One of Australia’s leading property analysts is predicting price falls of up to 10 per cent in the east coast capitals as the housing boom starts rolling over.
The latest property price figures from CoreLogic point to a fall nationally during May, led by the previously booming markets of Sydney and Melbourne.
The company’s head of research Tim Lawless told ABC News that May is generally a weaker month for prices as the laggards of the autumn selling season are sold.
“If we adjust for seasonality in our series, it looks like the monthly result is probably up about 0.1 per cent and the quarterly result probably 1.3 per cent,” he said.
However, Mr Lawless also observed that leading indicators of real estate activity were also showing signs of slowing, with a moderation in mortgage activity, more properties listed for sale and a dip from previously very high auction clearance rates.

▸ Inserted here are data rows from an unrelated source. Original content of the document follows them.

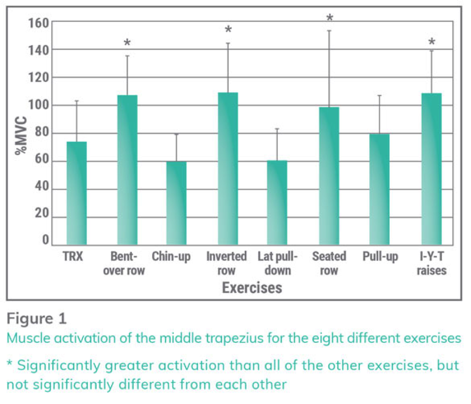 1. Середина трапеций (см. Middle Trapezius на картинке выше в этой статье): Больше всего рекрутировали 4 упражнения – тяга в наклоне (bent-over row), подтягивание на низкой перекладине (inverted row), тяга нижнего блок (seated row) и IYT-подъемы.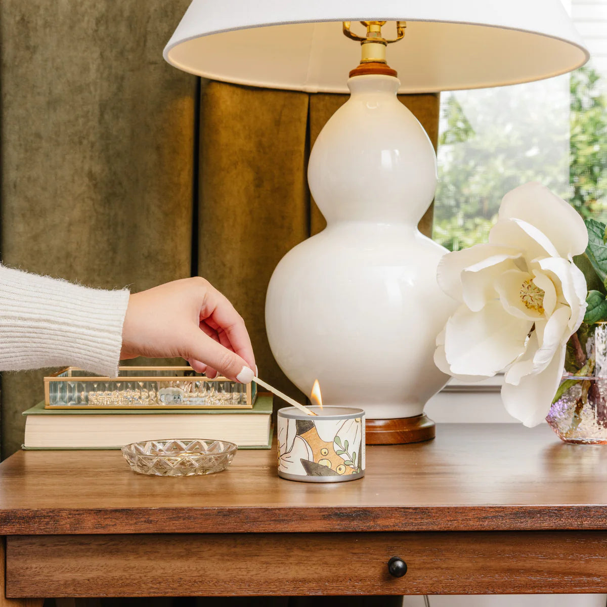 Wrapped in charming hand-painted patterns, our 4 oz Tin Candle adds a touch of style wherever it goes. Perfectly portable and travel-ready, it’s an easy way to enjoy your favorite Greenleaf fragrance on the go or in smaller spaces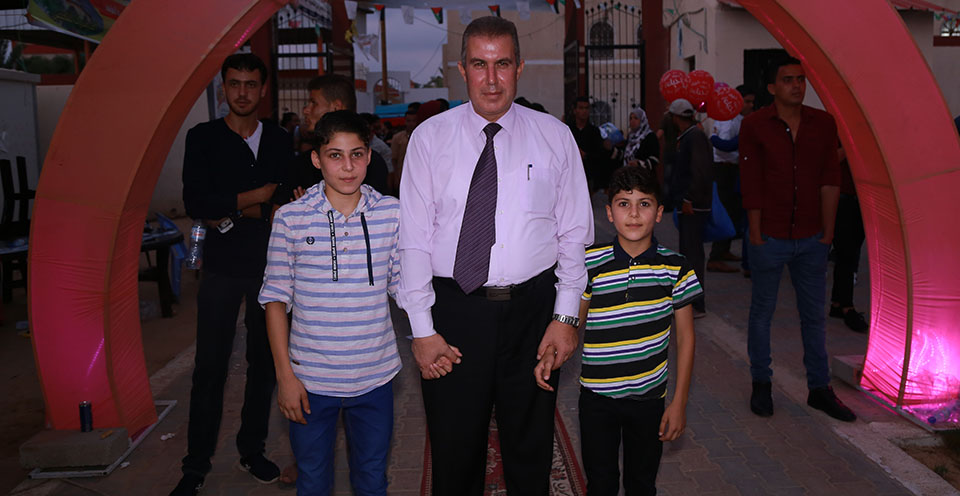 الطالب رشيد النخالة وشقيقه أحمد ووالدتهما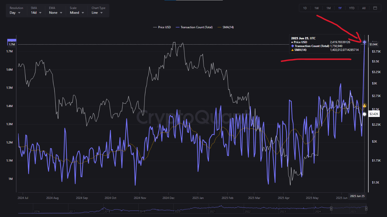 Анализ Алемана фокусируется на метрике Ethereum «Количество транзакций (общее)», которая фиксирует все формы деятельности, включая трансферы ETH, выполнение смарт -контрактов и взаимодействие с децентрализованными приложениями и протоколов DEFI.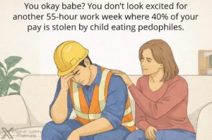L’operaio edile in quel meme non è impotente. È distratto. È esausto. Lavora 55 ore e vede scomparire il 40% del suo stipendio, e gli viene consegnato un menu di lamentele approvate tra cui scegliere, in modo che la sua legittima rabbia sia diretta verso il suo vicino invece che verso le persone che hanno costruito il sistema che lo sta divorando vivo.
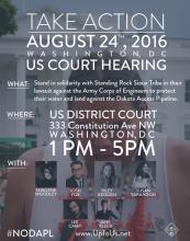 Emergency call for solidarity with Standing Rock Sioux at Fed court hearing over Dakota Access Pipeline

Another leading property analyst, Louis Christopher from SQM Research, wrote earlier in the week about a rising trend in unreported auctions – as auction clearance data rely on agent reports of sales, this could indicate that the proportion of properties being sold is lower than the headline suggests.
Mr Lawless said the weaker trends likely reflect reduced investor activity in the market, as regulators push banks to cut lending to that sector.
“There are a lot of changes around credit policies from the lenders and, of course, the new macroprudential requirements to reduce interest-only lending are affecting investment demand,” he told the ABC.
“In fact, since August last year, we’ve seen investor mortgage rates for variable loans rise by about 25 basis points, so essentially a default rate hike.”
Sydney ‘more exposed’ to housing market ‘correction’
Mr Lawless observed that Sydney, which had seen the steepest price growth of around 75 per cent over the past five years, was showing the strongest signs of weakening.
“It does look like Sydney is more exposed to a slowdown in investment activity,” he observed.
However, Mr Lawless is not amongst those predicting this slowdown to turn into a property market crash.
“Generally, very strong growth periods are followed by some level of correction,” he argued.
“The correction typically lasts around 18 to 24 months and we see values fall somewhere between 2 and 10 per cent.
“And I can’t see any reason why this new cycle would be any different.
“We aren’t expecting any sort of crash in the Australian housing market.”